2. Brand variation that matters — STROMECTOL’s additional additives and what that implies
Several entries identify STROMECTOL (a branded ivermectin tablet) as including butylated hydroxyanisole (BHA) and citric acid anhydrous in addition to the common excipients listed above [3] [4] [5]. BHA functions as an antioxidant to preserve active ingredients and some excipients, and citric acid can act as a pH adjuster or flavoring/acidulant. The presence of these additives in a branded product but not mentioned in all generic package inserts indicates minor, permissible formulation differences between manufacturers that do not alter the active drug but can affect shelf stability, taste, or suitability for people with specific sensitivities.
3. Convergence of sources and dates — recent confirmation of a standard formula
The dataset includes multiple recent entries confirming the same core excipients, notably package insert records dated 2025-02-04 and 2025-04-30, which independently list microcrystalline cellulose, pregelatinized starch, colloidal silicon dioxide, croscarmellose sodium and magnesium stearate [1]. Older regulatory product information from 2013 also aligns with these ingredients for STROMECTOL [2]. This pattern shows temporal consistency: formulations reported over a span of years remain substantially the same, with only occasional brand-specific additives (BHA, citric acid) introduced or highlighted.
4. Safety and allergy considerations the papers mention implicitly but do not expand
The assembled analyses do not provide clinical safety assessments, but listing BHA and citric acid in some formulations flags potential concerns for individuals with sensitivities or preferences: BHA is an antioxidant to which a minority of people may be sensitive, and citric acid can cause irritation in rare cases. The core excipients—microcrystalline cellulose, pregelatinized starch, croscarmellose sodium, colloidal silicon dioxide and magnesium stearate—are widely used and generally regarded as inert in most patients, yet excipient presence matters for allergy screening, vegan/vegetarian considerations, and excipient-related drug interactions, which the provided documents do not explore [1] [3].
5. Gaps, possible agendas, and practical takeaway for clinicians and patients
The documents provided focus on listing ingredients rather than explaining formulation rationale or patient implications, leaving gaps about allergenic potential, source materials (e.g., maize vs. other starch origins), or coatings that might matter to specific populations.
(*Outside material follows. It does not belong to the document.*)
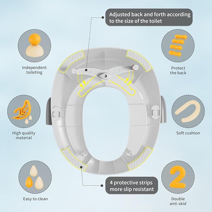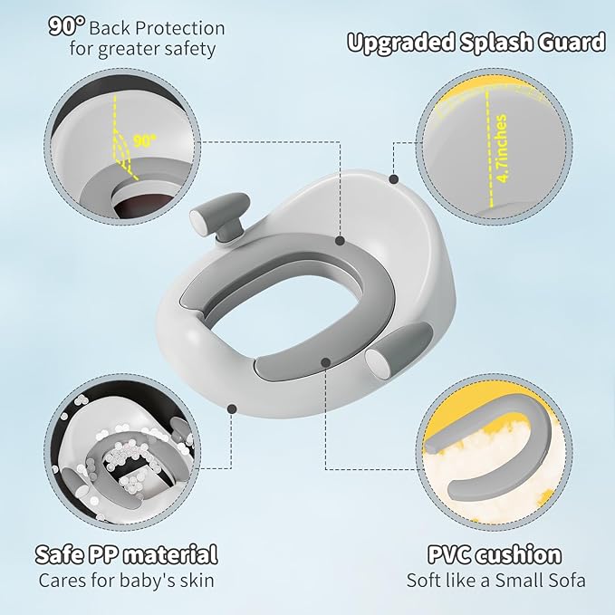 • SAFE AND STURDY TODDLER POTTY SEAT: Whatever, safe is to be first. By using environmental PP material, this potty training toilet is sturdy and can even hold up to 165 lbs, The handle of the toddler toilet seat makes you worry free even when your kids use it alone

Brand inserts emphasize product-specific additives—STROMECTOL’s inclusion of BHA and citric acid—suggesting a manufacturer agenda to document proprietary formulation differences while generics emphasize a minimal shared excipient list [3] [4] [5]. For practical use: if excipient sensitivity is a concern, check the exact product’s current prescribing information or label at dispensing; otherwise, expect the common excipients above to be present across most ivermectin tablets as confirmed by the provided sources [1].